So how is it that sometimes you can just do things without thinking about what
you’re doing, you’re present, in the moment, acting without analyzing how
you’re acting? This is no doubt the wonder and beauty of childhood. Kids just
do stuff. I recall when as young dads my friend and I would watch our kids play,
play unselfconsciously, building forts and hiding and imagining scenes, the
picture of being animated and engaged with their reality though even then they were
making stuff up to make it more fun. We concluded that “kids are like they’re
always stoned.” And while they weren’t stoned, perhaps that was a premonition
of what we as adults crave, crave to be in some kind of positive zone,
engaged in the present a hundred percent, in “flow” as we sometimes call it in
education.
Nowadays I do very little without simultaneously observing and analyzing what
it is that I am doing. Even as I sit here and write I am aware of this self-
observance. Perhaps I just need to relax, enjoy the moment, see these words
flow as if I’m a child fully engaged. That is the beauty of art and writing. As I sit
here at the Millennium Library, I see across from me a fellow sketching. He
appears fully focused, relatively at ease in what he’s creating, or is he? Art is
multi-edged, fulfilling and then exasperating all at once, a simultaneously
private and public endeavour. Private in the sense that it’s the artist who does
the producing based on his or her experience and skill. Public in the sense
that others might see what has been created, wonder about or question what
the artist has rendered. Something created is a rendering from an actual life, a
person, someone more or less present in the moment, a glimpse into who that
someone has been, is and will be. Sharing one’s writing or displaying one’s art
becomes a display of oneself, risky at some level and very engaging. Is this
not a good way to be present, the act of rendering self for others?

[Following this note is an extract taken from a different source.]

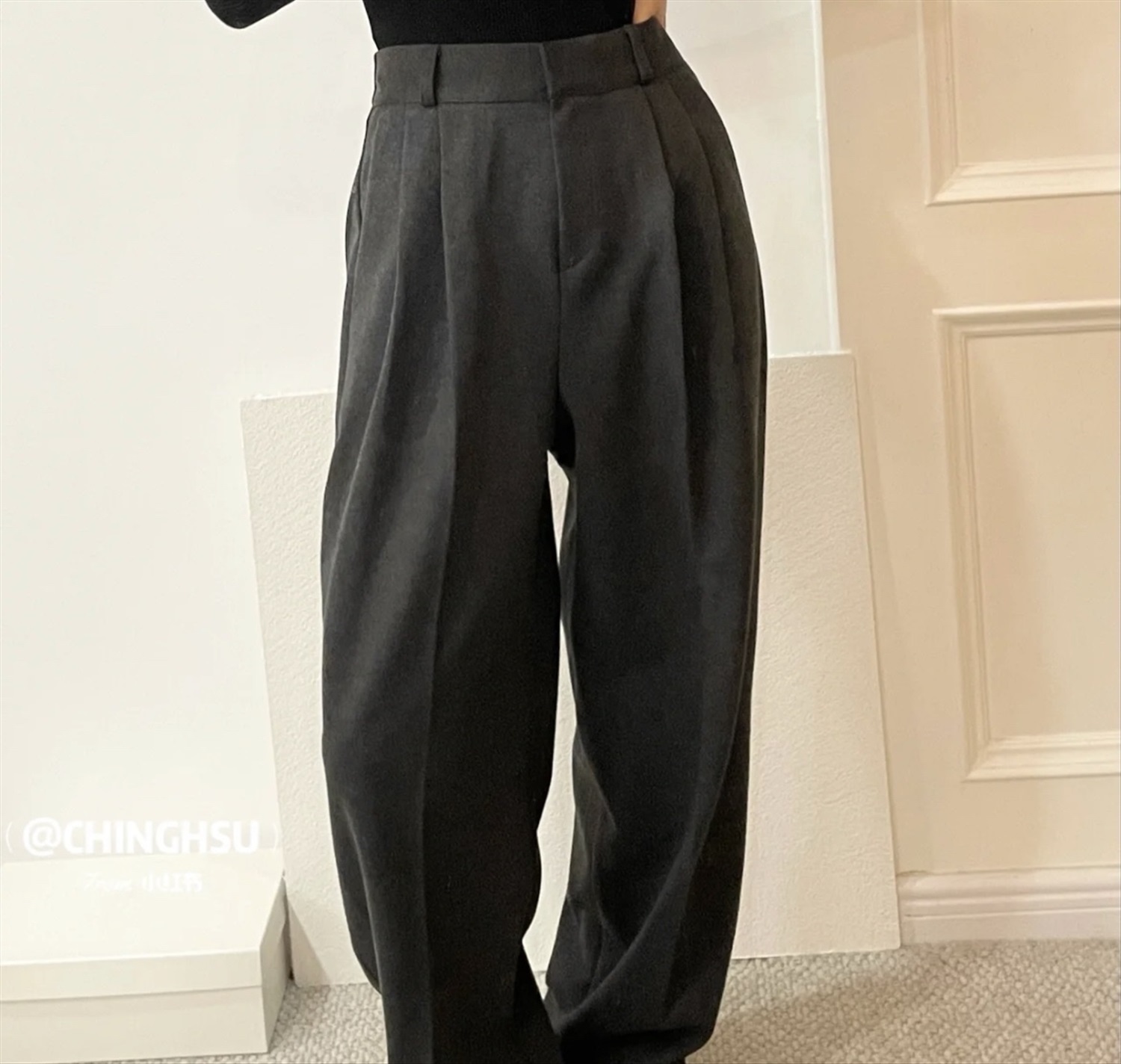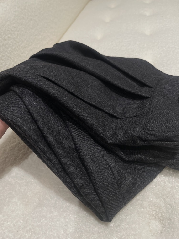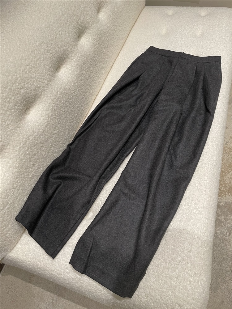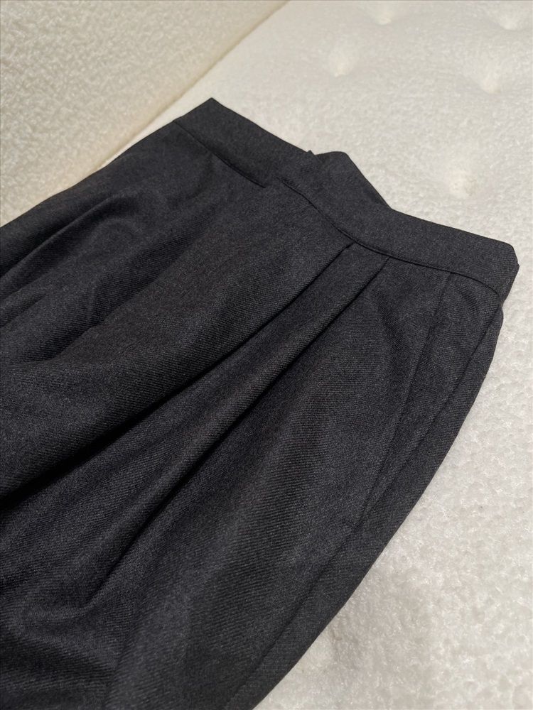 BC Итальянские серые импортные шерстяные повседневные брюки с эластичной резинкой на талии Очень свободные брюки с эластичной талией. Эксклюзивно изготовленная по индивидуальному заказу импортная ткань из 100% камвольной шерсти, которая имеет нежную и мягкую текстуру и особенно хорошо драпируется. Планка оснащена застежкой-молнией YKK, высококачественной серой, слегка зауженной формой брюк, дизайном с двойными складками, слегка воздушными плавными линиями, изменяющими форму ног.

The beauty of a good book or a good movie or a beautiful work of art could be
seen as an escape from the present. Or is it? Is escape actually just a
preferred form of being present. Odd juxtaposition. People get drunk or stoned
ostensibly to escape the present. Or are these ways of being more present,
comfortable in the present?
And so the question emerges, what is the present after all? We say the here
and now, the moment, what is…reality. Any given moment, upon reflection,
just is, then was, now becomes a memory.